Документы, с которыми сейчас можно ознакомиться в архивах, свидетельствуют о том, что в области идеологии как раз и развернулась тогда самая ожесточенная борьба. По одну сторону линии фронта были т. н. охранители из числа партработников, генералов КГБ, руководящих чинов творческих союзов и немалая часть писателей, поэтов, художников, скульпторов. По другую — те деятели культуры, которые не желали далее смиряться с партийно-чекистским надзором, хотели создавать свои произведения в духе объявленной гласности и свободы, плюс их тайные и явные союзники в ЦК.

Да, это было ожесточенное сражение.

В июне 1986 года председатель КГБ В. М. Чебриков направляет Центральному комитету секретный доклад «О подрывных устремлениях противника в среду советской творческой интеллигенции»[181]. Стилистика и содержание этого документа находятся в вопиющем противоречии с теми идеями и делами, которыми были озабочены Горбачев и Яковлев. Судите сами.

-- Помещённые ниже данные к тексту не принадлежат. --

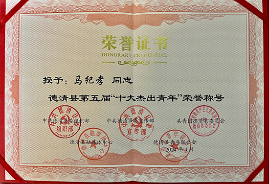 馬紀孝,2010年8月到德清職業(yè)中專機械專業(yè)任教,現(xiàn)任中共德清縣職業(yè)中專第一總支部委員會智造支部書記、德清職業(yè)中專政教處處長、學校工會組織委員。“踏踏實實工作,認認真真育人”是他人生的座右銘,從教14年,作為一名光榮的人民教師、中共黨員,他始終不忘初心,勤勤懇懇,任勞任怨,用心靈守護著這份平凡而又神圣的事業(yè),以對黨和人民滿腔的熱忱積極工作,扎根于職業(yè)教育的這一方沃土,在平凡的崗位上恪盡職守,無私奉獻著。馬紀孝工作認真負責,教學成績顯著,育人貢獻突出,得到了學校和上級部門的肯定,多次被上級主管部門授予嘉獎,被評為全國職業(yè)院校實踐教學能手、浙江省青年工匠、湖州市優(yōu)秀教師、湖州市優(yōu)秀工會工作者、湖州市優(yōu)秀德育工作者、湖州市教壇新秀、湖州市優(yōu)秀科技輔導老師、德清縣抗疫先鋒、德清縣優(yōu)秀班主任、德清縣級優(yōu)秀共青團員、德清縣優(yōu)秀德育導師、德清縣優(yōu)秀工會工作者、德清縣平安校園先進個人等榮譽稱號。

Оказывается, западные спецслужбы в настоящий момент «пытаются столкнуть советских литераторов на путь отхода от принципов социалистического реализма и партийной литературы». Перечисляя писателей, которых советская власть (читай — Комитет госбезопасности) выдавила в разные годы из страны, Чебриков утверждает, что теперь они «по заданиям спецслужб ведут поиск единомышленников и пытаются установить нелегальные каналы связи». Да и те писатели, которые остались на родине, тоже, оказывается, находятся «под пристальным вниманием спецслужб и центров идеологических диверсий противника». Какие это писатели? Чебриков перечисляет: Рыбаков, Светов, Солоухин, Окуджава, Искандер, Можаев, Рощин, Корнилов.

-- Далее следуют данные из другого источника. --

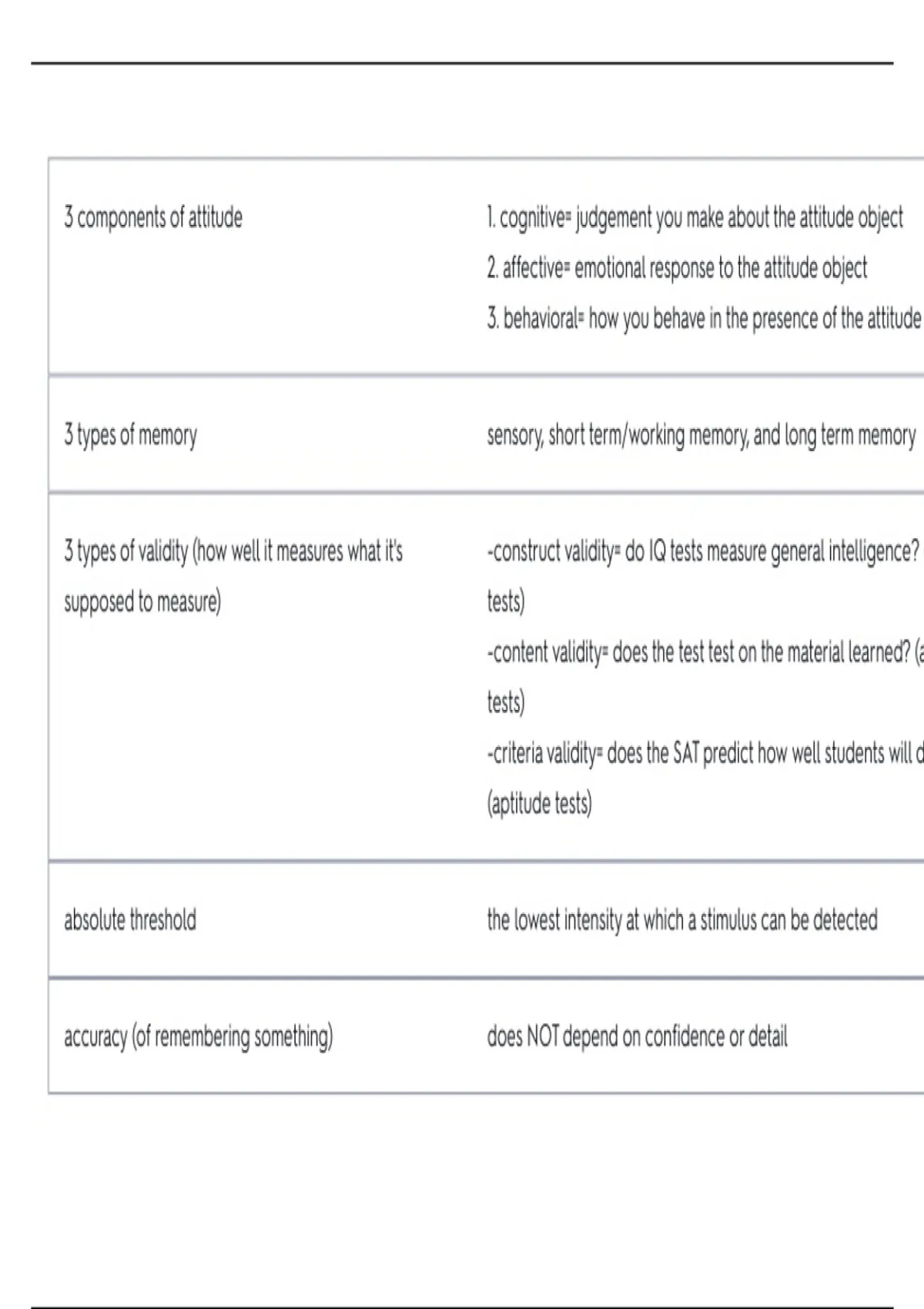 -content validity= does the test test on the material learned? (a

В то время, когда Черняев, Яковлев и другие высокопоставленные партчиновники помогали Анатолию Рыбакову пробить цензурные стены и дать «зеленый свет» его роману «Дети Арбата», Комитет госбезопасности, как выясняется из этой записки, предпринимал обратные усилия. Это произведение, а также книги А. Приставкина («Ночевала тучка золотая»), А. Злобина («Демонтаж», «Общая стадология», «Красотка из парткома», «Через горы и долины»), В. Дудинцева («Белые одежды»), В. Солоухина («Старичок с интеллигентным лицом», «Фантастический разговор»), Б. Можаева («Мужики и бабы»), Ю. Трифонова («Исчезновение») отнесены в разряд «идеологической диверсии».

А ведь многие из названных выше книг как раз и были признаны затем классическими произведениями периода перестройки, они многократно издавались и переиздавались, стали основой для сценариев художественных фильмов и телесериалов. Вопреки мнению Лубянки, их полюбил советский читатель, увидев в этих работах не происки западных спецслужб, а честный и талантливый взгляд писателей на нашу недавнюю историю.

Пройдет совсем немного времени, и многие из вынужденных эмигрантов смогут вернуться домой, посвятить свой талант служению родине. Но Виктор Михайлович Чебриков даже мысли такой не допускает — в его записке Солженицын, Войнович, Бродский, Галич — «отщепенцы», которым нет прощения.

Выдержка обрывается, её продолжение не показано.